- Developer: Konami
- Publisher: Konami
- Director: Osamu Komuta
- Artist: Masaki Hirooka
- Writer: Kazuyoshi Tsugawa
- Composers: Yoshino Aoki Norikazu Miura Masaharu Iwata Kaori Komuro Hiroaki Tomuno
- Series: Suikoden
- Platform: Nintendo DS
- Release: JP: December 18, 2008; EU: March 13, 2009; NA: March 17, 2009;
- Genre: Role-playing video game
- Mode: Single-player

= Suikoden Tierkreis =

2008 video game

Suikoden Tierkreis (Gensō Suikoden Tierkreis (幻想水滸伝ティアクライス) is a role-playing video game for the Nintendo DS developed and published by Konami as part of the Suikoden series. It was released in December 2008 in Japan, and released in English in Europe and North America in March 2009. The game's development was led by project head Osamu Komuta, who had previously been a planner for Suikoden Tactics, with a music staff composed of Norikaku Miura, Yoshino Aoki, Masaharu Iwata, and Kaori Komuro. The game features the opening and ending theme songs "Tears in the Sky" and "Tierkreis" respectively, each performed by Japanese pop idol Satomi Takasugi.

Created as a spin-off of the main series of games, Suikoden Tierkreis was made to explore one of the myriad of worlds that exist in the Suikoden metaverse. Following the game's main theme of "the infinite possibility of future", players must assume the role of a young protagonist who gathers the combined forces of 108 heroes to attempt to defeat a powerful entity known as The One King, leader of The Order of the One True Way, who seeks to control the world by spreading his doctrine that all fate is predetermined and all people have no control of their lives.

==Gameplay==

A battle scene. Character information is on the top screen, while gameplay is shown on the bottom.

Suikoden Tierkreis is a traditional JRPG where the player must navigate through three-dimensional environments and complete story-based objectives to advance the narrative. Taking advantage of the Nintendo DS' dual screens, gameplay, text, and menu options are often displayed on the bottom screen. On the field, the top screen shows a landscape image of the player's current location, along with the name of that location and season information. During battle the top screen also displays character information such as hit points, magic points, etc. Players move their character through the game using either the directional pad or the stylus wand to take advantage of the DS' touchscreen function. While advancing through the game, the player must interact with non-player characters to move the story forward and allow new scenarios to become available for play, as well as to discover new items and areas.

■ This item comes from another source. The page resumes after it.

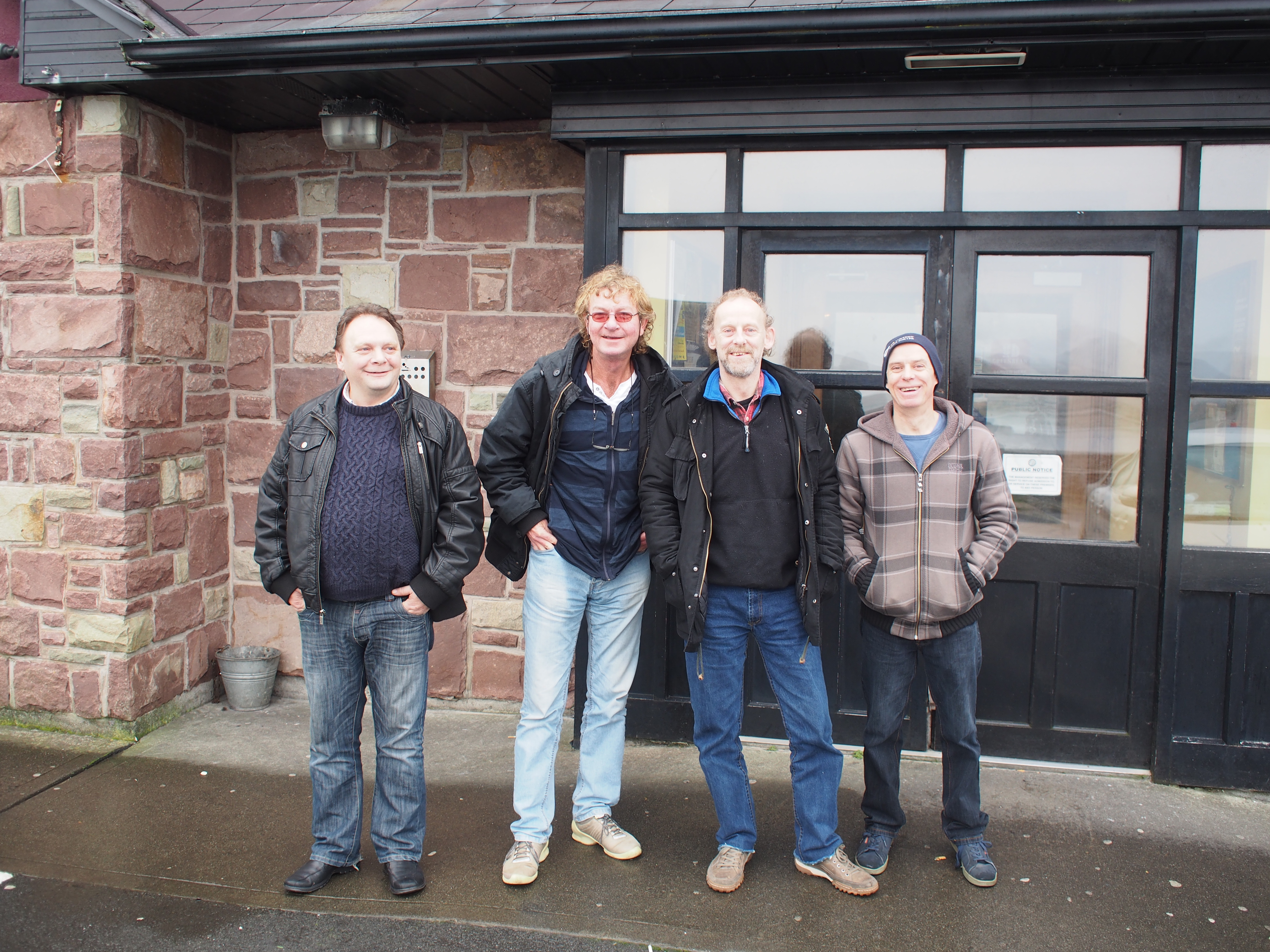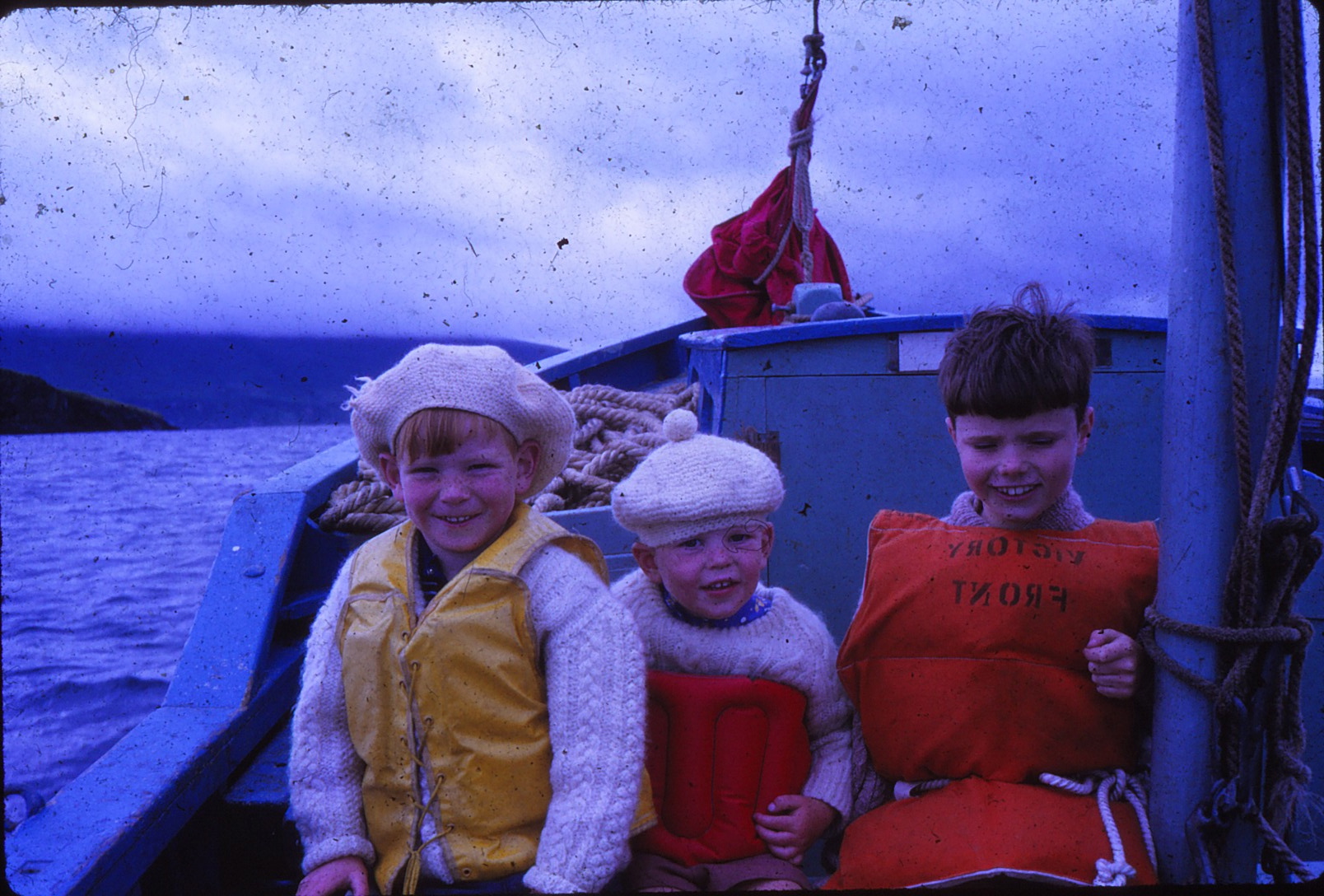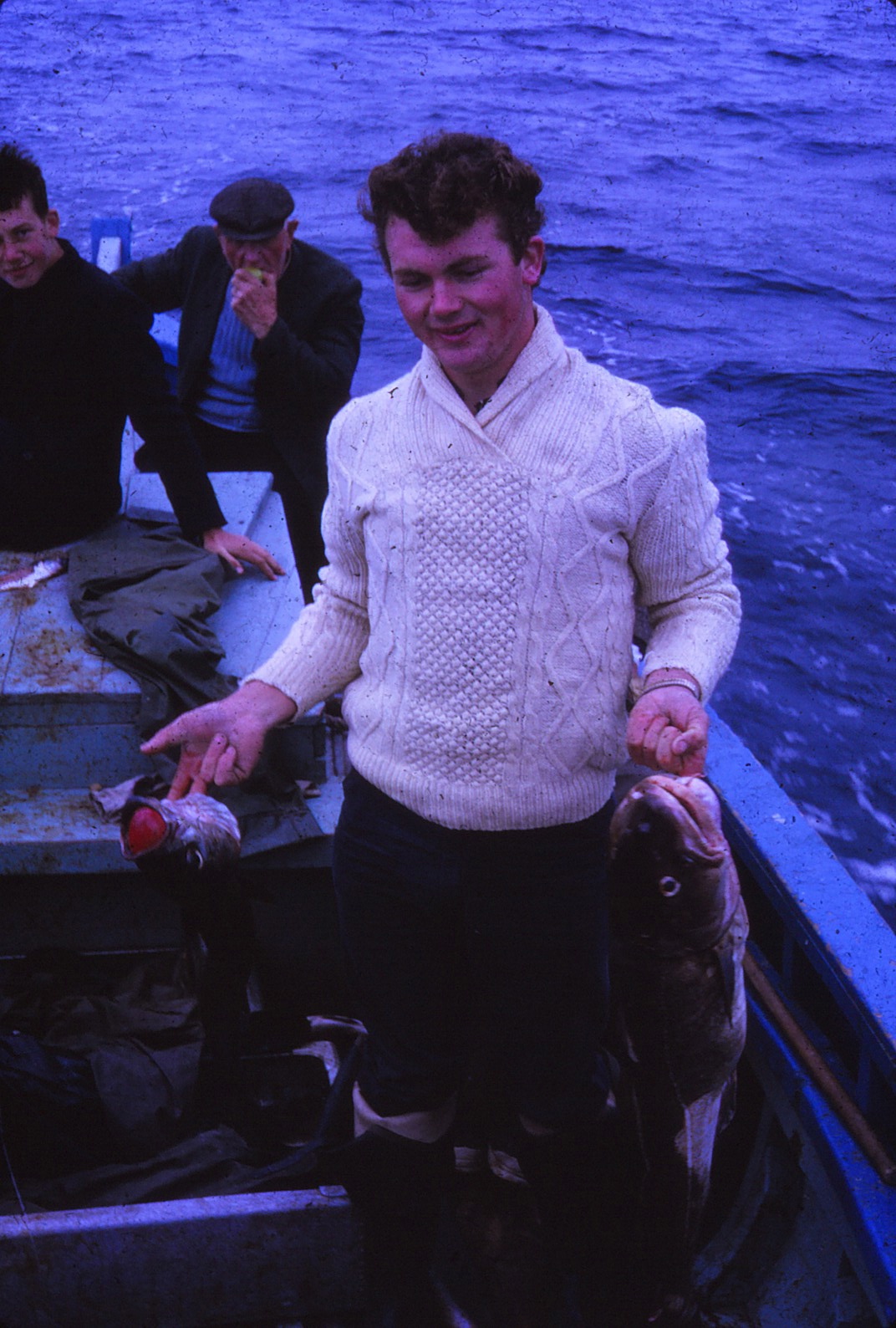 Percy Huet (White Aran), James Gavin (Pipe), Big Mangan (Blue jumper)
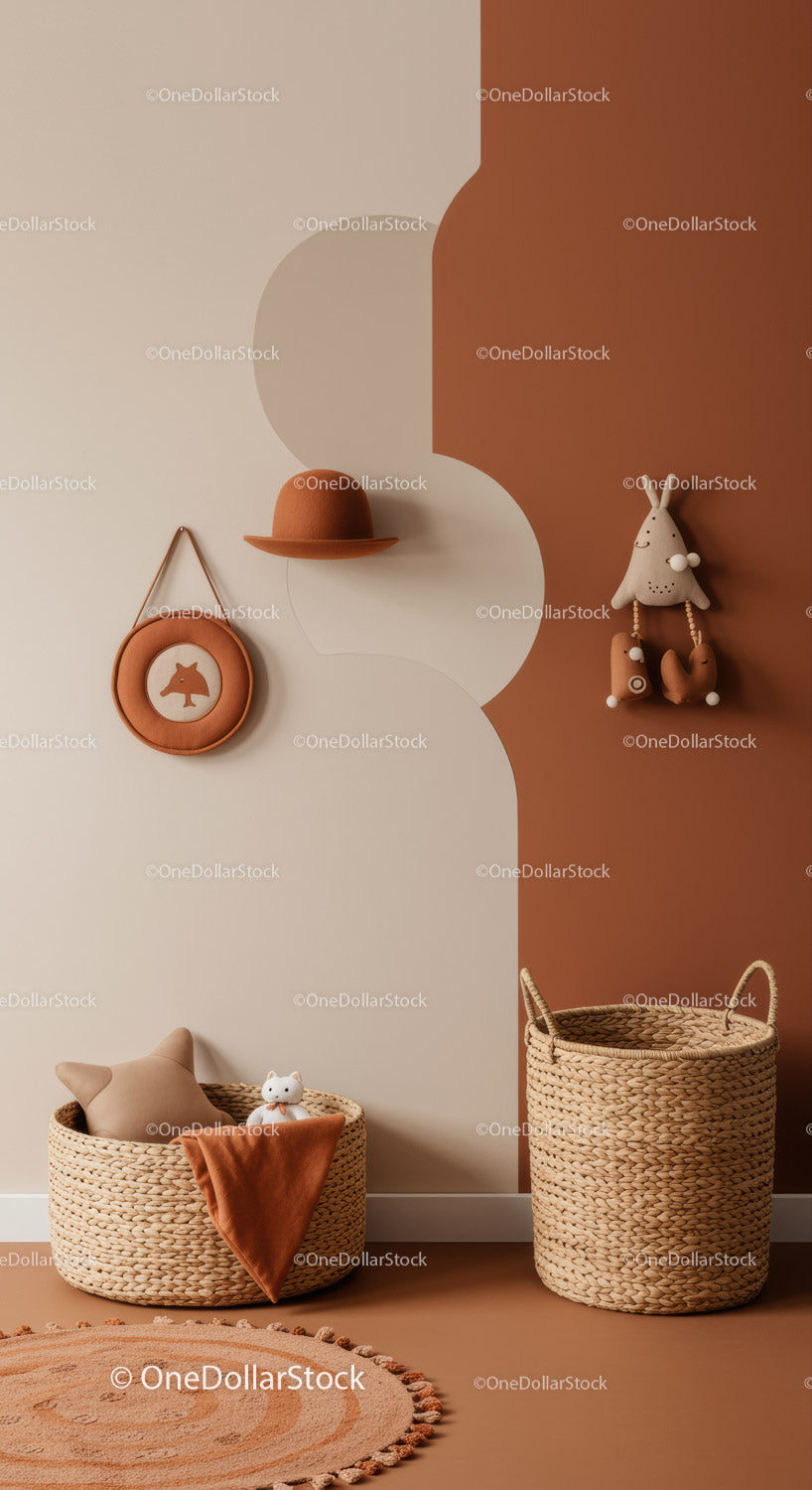 Boho Nursery Decor with Woven Baskets and Plush Animal Toys

During gameplay, players will randomly encounter enemy creatures every few steps while in hostile areas. Battles in Suikoden Tierkreis use a turn-based approach where players input commands for all active characters in their party before each combat round, with the corresponding actions taking place in accordance with each character's "speed" rating. A player's party may consist of up to four characters at a time, with special combination skills becoming available depending on which specific characters are included. When a player defeats a group of enemies, they are awarded experience points that go toward increasing their party member's levels, thereby making them stronger and able to use more special skills in battle. Defeated enemies may also provide trade items that can be sold for money to purchase goods in-game such as restorative items and better equipment that will allow the player to battle even stronger enemies. By using the DS' Wi-Fi function, two players each with their own game card can connect to each other to exchange characters and items, as well as gain access to unique battle scenarios.

==Plot==
The game is set in a world with several diverse nations and tribes and inhabited by a range of creatures including humans, Roar (similar to the Kobolds and Nay-Kobolds of previous games), Porpos-kin (small, penguin/dolphin like creatures), and Auster (a race of horned giants).

The game opens as the leader of 108 heroes engages the main antagonist known as "The One King" in battle. It is currently unknown whether the defeat shown in the introduction precedes the game or if the game is actually a flashback leading to that scene. The game is set in a parallel world to the main world of the series, which is one of the many worlds in the Suikoden multiverse, known collectively as the Infinity.

The protagonist is an energetic young man from Citro Village who eventually ends up fighting a mysterious organization that preaches a fatalist philosophy in which the future is predetermined.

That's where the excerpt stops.